*** Opening of DATA EXTRACTS ***

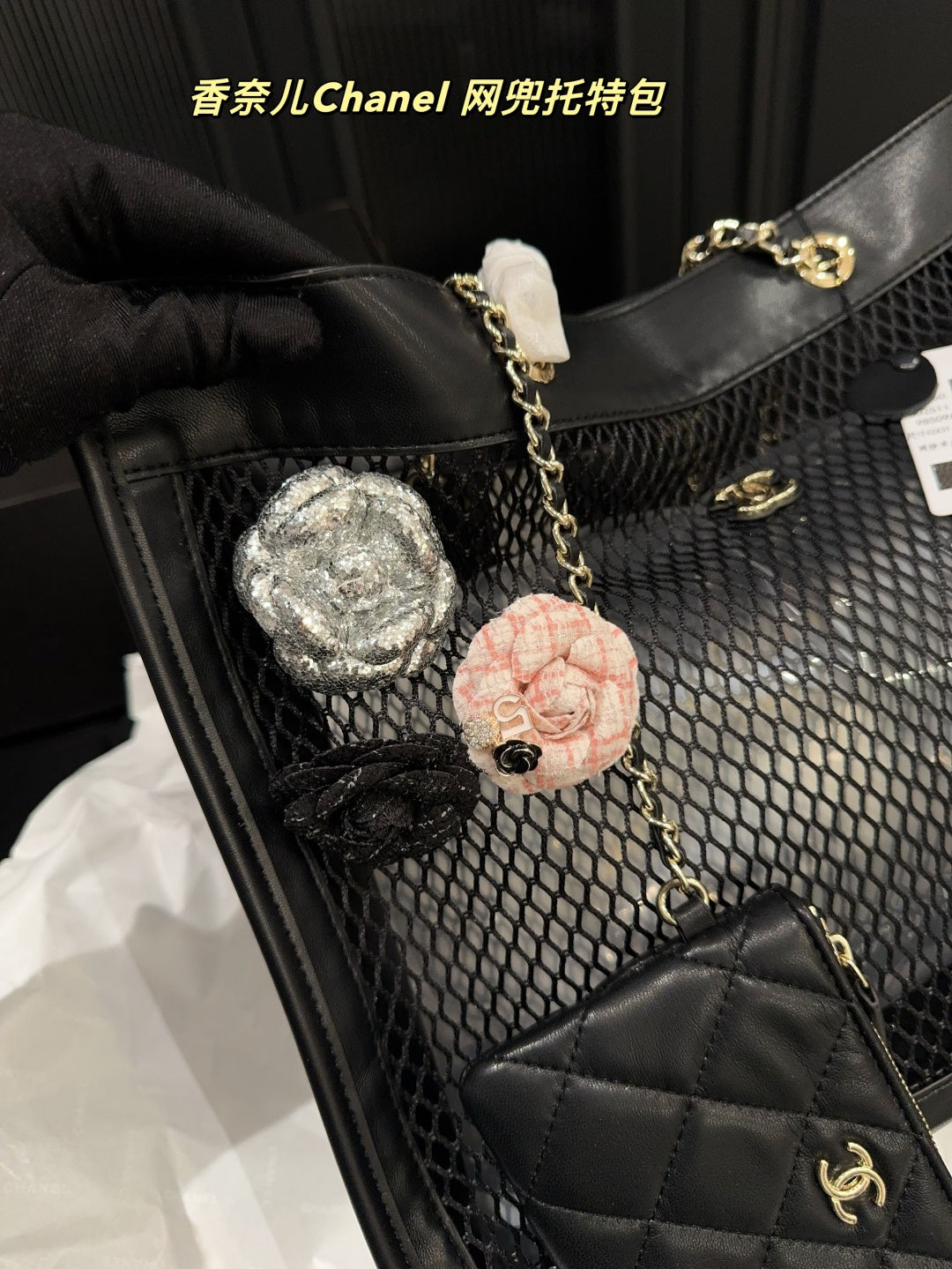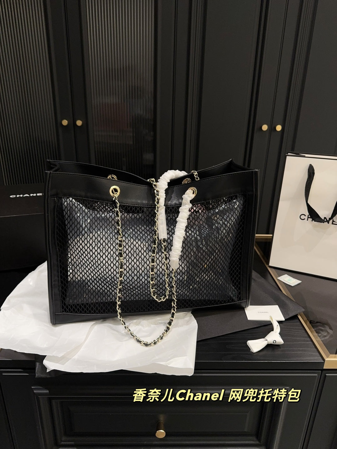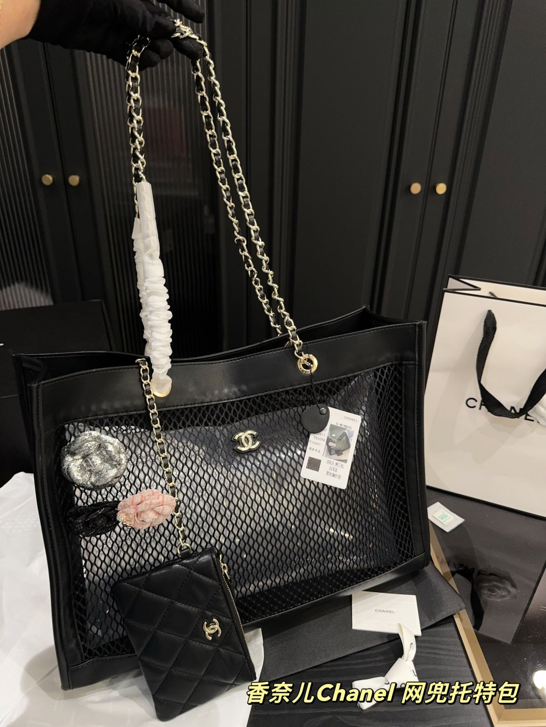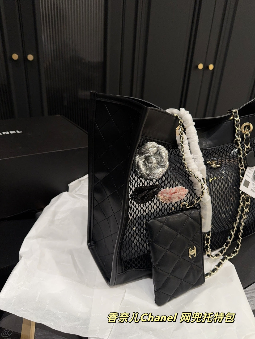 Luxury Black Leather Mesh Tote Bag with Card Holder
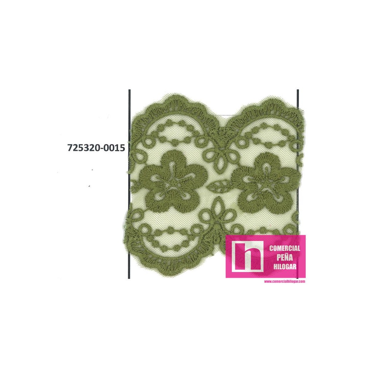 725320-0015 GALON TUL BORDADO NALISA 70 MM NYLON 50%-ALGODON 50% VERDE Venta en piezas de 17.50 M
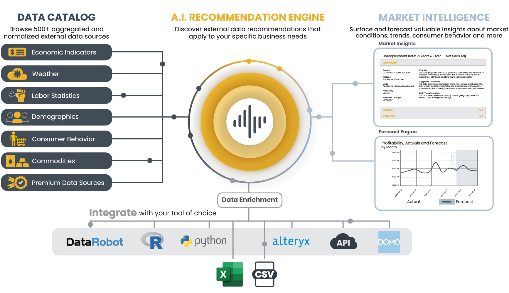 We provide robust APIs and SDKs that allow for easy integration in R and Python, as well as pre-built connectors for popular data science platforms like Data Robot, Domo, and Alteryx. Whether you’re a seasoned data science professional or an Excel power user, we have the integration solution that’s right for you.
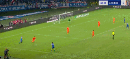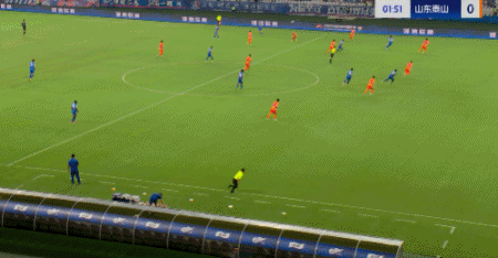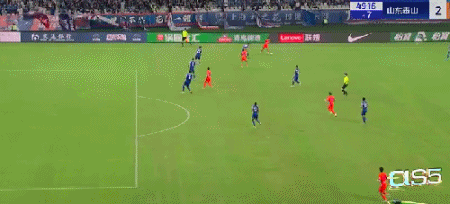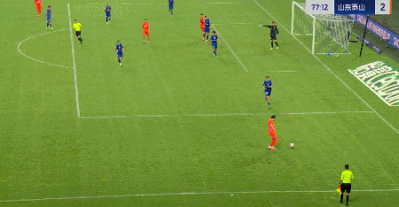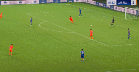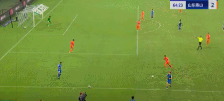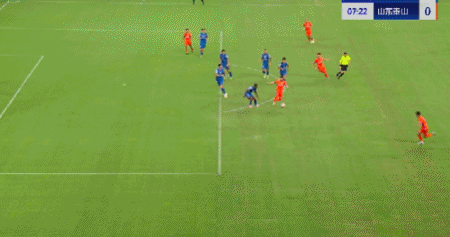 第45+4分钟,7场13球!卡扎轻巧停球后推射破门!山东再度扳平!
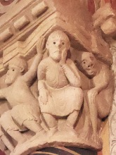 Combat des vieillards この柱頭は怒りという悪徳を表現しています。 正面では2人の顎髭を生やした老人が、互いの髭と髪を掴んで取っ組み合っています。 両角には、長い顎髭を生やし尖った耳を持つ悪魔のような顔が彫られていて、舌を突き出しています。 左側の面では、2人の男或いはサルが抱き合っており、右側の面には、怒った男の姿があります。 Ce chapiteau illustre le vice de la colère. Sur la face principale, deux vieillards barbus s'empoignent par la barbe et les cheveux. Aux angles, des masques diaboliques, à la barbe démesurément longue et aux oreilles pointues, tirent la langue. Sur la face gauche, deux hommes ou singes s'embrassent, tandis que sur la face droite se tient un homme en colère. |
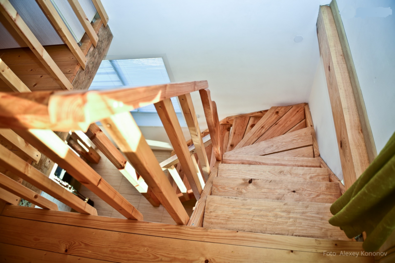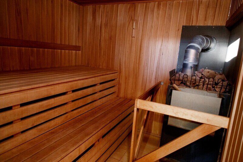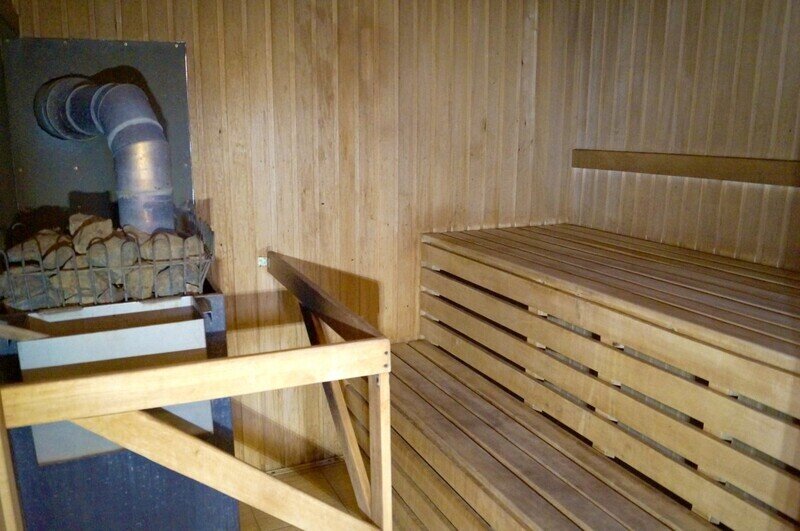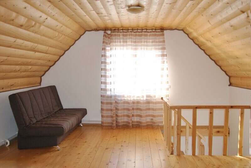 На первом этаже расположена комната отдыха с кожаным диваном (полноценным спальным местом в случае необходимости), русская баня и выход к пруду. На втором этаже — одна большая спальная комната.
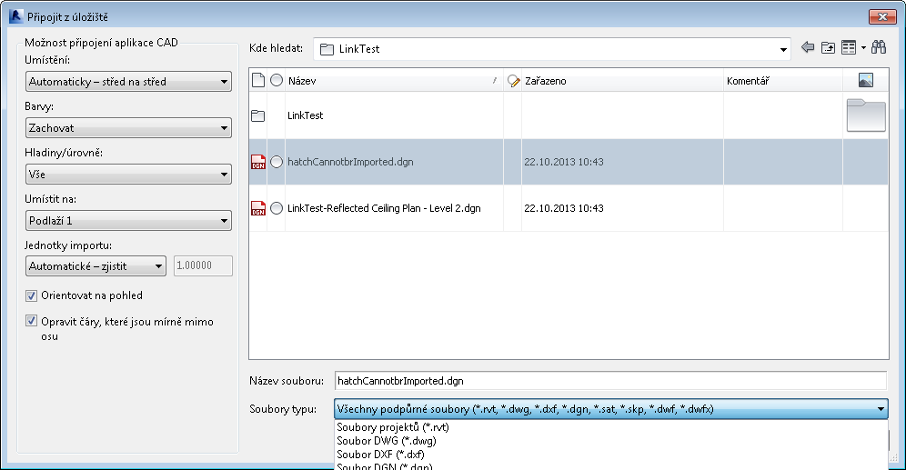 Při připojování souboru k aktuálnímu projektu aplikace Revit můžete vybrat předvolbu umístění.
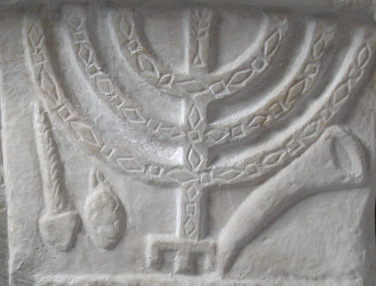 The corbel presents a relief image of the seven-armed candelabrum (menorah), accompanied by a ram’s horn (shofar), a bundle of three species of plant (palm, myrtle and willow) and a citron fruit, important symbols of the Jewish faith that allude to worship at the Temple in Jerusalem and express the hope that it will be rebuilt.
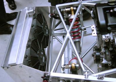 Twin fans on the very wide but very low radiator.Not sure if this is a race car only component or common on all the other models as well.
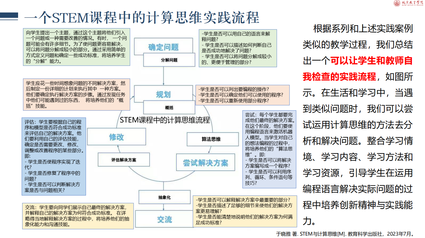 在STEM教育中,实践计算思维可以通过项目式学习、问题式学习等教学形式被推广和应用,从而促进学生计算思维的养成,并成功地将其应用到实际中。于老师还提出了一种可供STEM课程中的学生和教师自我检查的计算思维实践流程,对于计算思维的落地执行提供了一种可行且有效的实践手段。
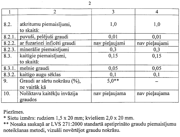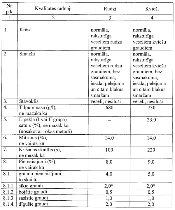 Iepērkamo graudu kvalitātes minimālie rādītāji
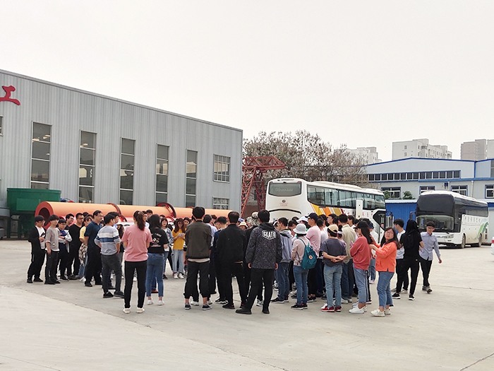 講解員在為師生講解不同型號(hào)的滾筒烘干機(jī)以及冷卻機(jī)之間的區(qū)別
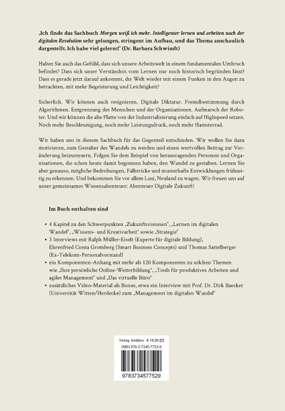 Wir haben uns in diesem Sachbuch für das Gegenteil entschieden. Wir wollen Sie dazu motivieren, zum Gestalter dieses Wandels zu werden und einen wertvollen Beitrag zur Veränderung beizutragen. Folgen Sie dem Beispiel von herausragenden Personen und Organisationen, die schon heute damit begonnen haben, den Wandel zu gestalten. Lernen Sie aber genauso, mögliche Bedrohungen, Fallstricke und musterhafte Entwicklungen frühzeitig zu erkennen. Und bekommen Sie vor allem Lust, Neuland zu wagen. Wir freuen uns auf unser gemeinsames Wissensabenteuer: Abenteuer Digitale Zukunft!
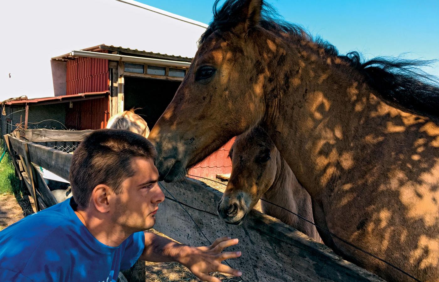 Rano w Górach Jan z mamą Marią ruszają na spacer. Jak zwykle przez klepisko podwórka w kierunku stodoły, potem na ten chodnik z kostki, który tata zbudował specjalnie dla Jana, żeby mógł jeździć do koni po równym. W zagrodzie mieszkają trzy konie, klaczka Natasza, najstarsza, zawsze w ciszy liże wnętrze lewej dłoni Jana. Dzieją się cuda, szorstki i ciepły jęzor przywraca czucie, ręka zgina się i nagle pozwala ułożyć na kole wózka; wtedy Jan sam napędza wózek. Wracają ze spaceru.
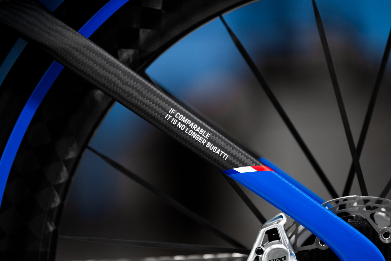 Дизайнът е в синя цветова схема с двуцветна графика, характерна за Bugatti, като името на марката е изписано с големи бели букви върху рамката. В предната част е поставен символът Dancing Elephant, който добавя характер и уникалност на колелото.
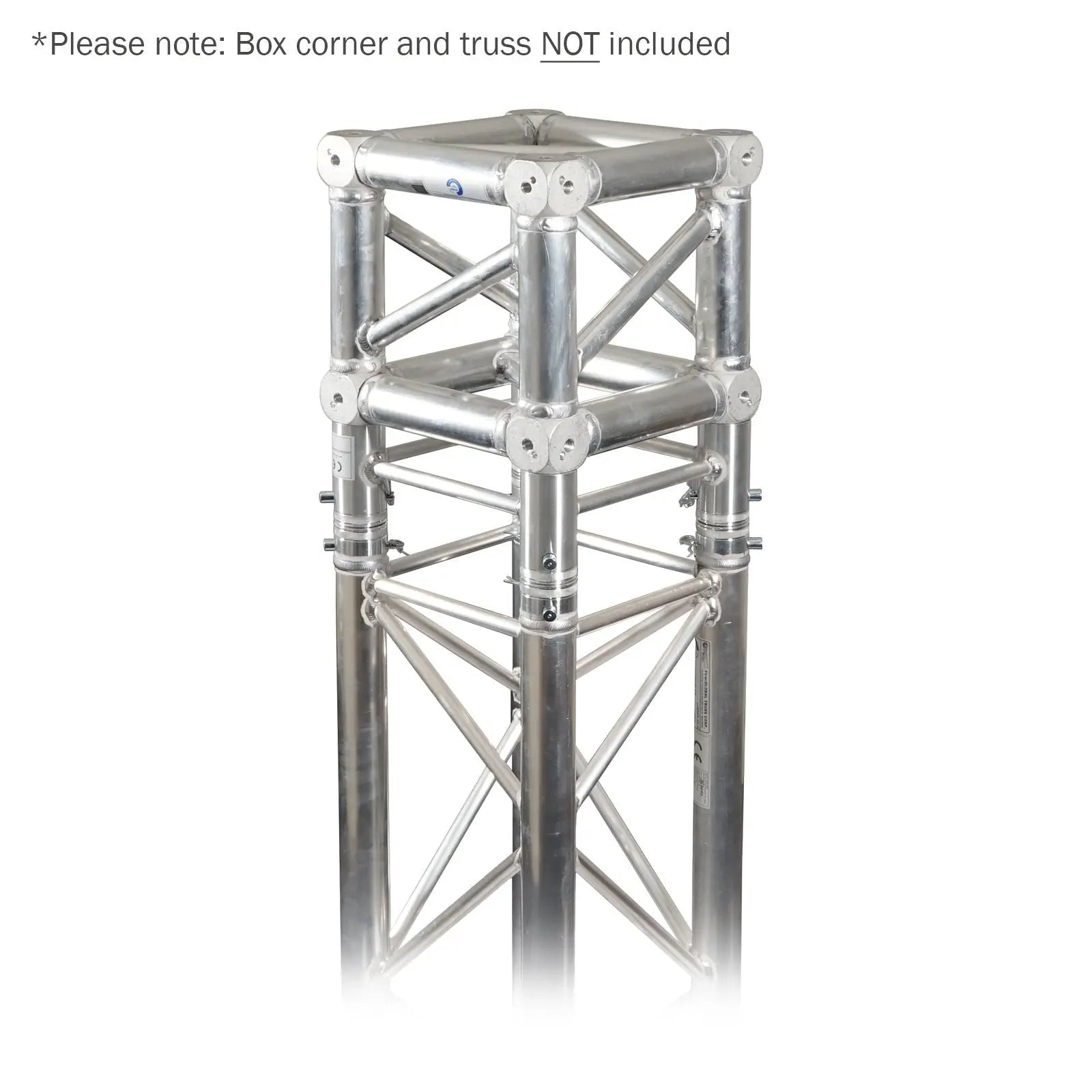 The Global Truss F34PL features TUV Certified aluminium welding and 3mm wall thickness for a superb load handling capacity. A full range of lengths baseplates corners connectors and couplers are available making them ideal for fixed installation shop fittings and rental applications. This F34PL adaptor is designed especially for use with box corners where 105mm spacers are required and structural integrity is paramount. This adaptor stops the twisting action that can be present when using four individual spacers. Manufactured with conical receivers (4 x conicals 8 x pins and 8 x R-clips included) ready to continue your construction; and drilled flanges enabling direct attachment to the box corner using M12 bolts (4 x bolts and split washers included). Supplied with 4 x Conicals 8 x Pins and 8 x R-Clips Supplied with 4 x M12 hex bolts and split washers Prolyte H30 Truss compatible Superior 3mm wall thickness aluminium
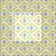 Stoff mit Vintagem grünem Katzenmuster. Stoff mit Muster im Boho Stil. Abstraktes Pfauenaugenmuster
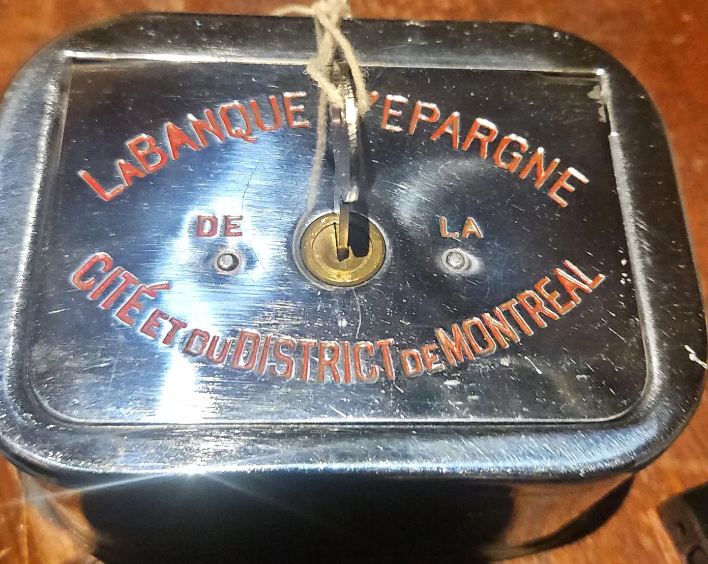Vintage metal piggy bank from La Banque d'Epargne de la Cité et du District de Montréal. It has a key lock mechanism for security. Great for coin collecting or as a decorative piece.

*** Close of DATA EXTRACTS ***

### WORK ORDER
Transcribe exactly the lines above, beginning at the one with "在STEM教育中,实践计算思" and going up to and including the one with "Wir haben uns". Pictures do not belong in the copy.

### TASK RESULT
 在STEM教育中,实践计算思维可以通过项目式学习、问题式学习等教学形式被推广和应用,从而促进学生计算思维的养成,并成功地将其应用到实际中。于老师还提出了一种可供STEM课程中的学生和教师自我检查的计算思维实践流程,对于计算思维的落地执行提供了一种可行且有效的实践手段。
 Iepērkamo graudu kvalitātes minimālie rādītāji
 講解員在為師生講解不同型號(hào)的滾筒烘干機(jī)以及冷卻機(jī)之間的區(qū)別
 Wir haben uns in diesem Sachbuch für das Gegenteil entschieden. Wir wollen Sie dazu motivieren, zum Gestalter dieses Wandels zu werden und einen wertvollen Beitrag zur Veränderung beizutragen. Folgen Sie dem Beispiel von herausragenden Personen und Organisationen, die schon heute damit begonnen haben, den Wandel zu gestalten. Lernen Sie aber genauso, mögliche Bedrohungen, Fallstricke und musterhafte Entwicklungen frühzeitig zu erkennen. Und bekommen Sie vor allem Lust, Neuland zu wagen. Wir freuen uns auf unser gemeinsames Wissensabenteuer: Abenteuer Digitale Zukunft!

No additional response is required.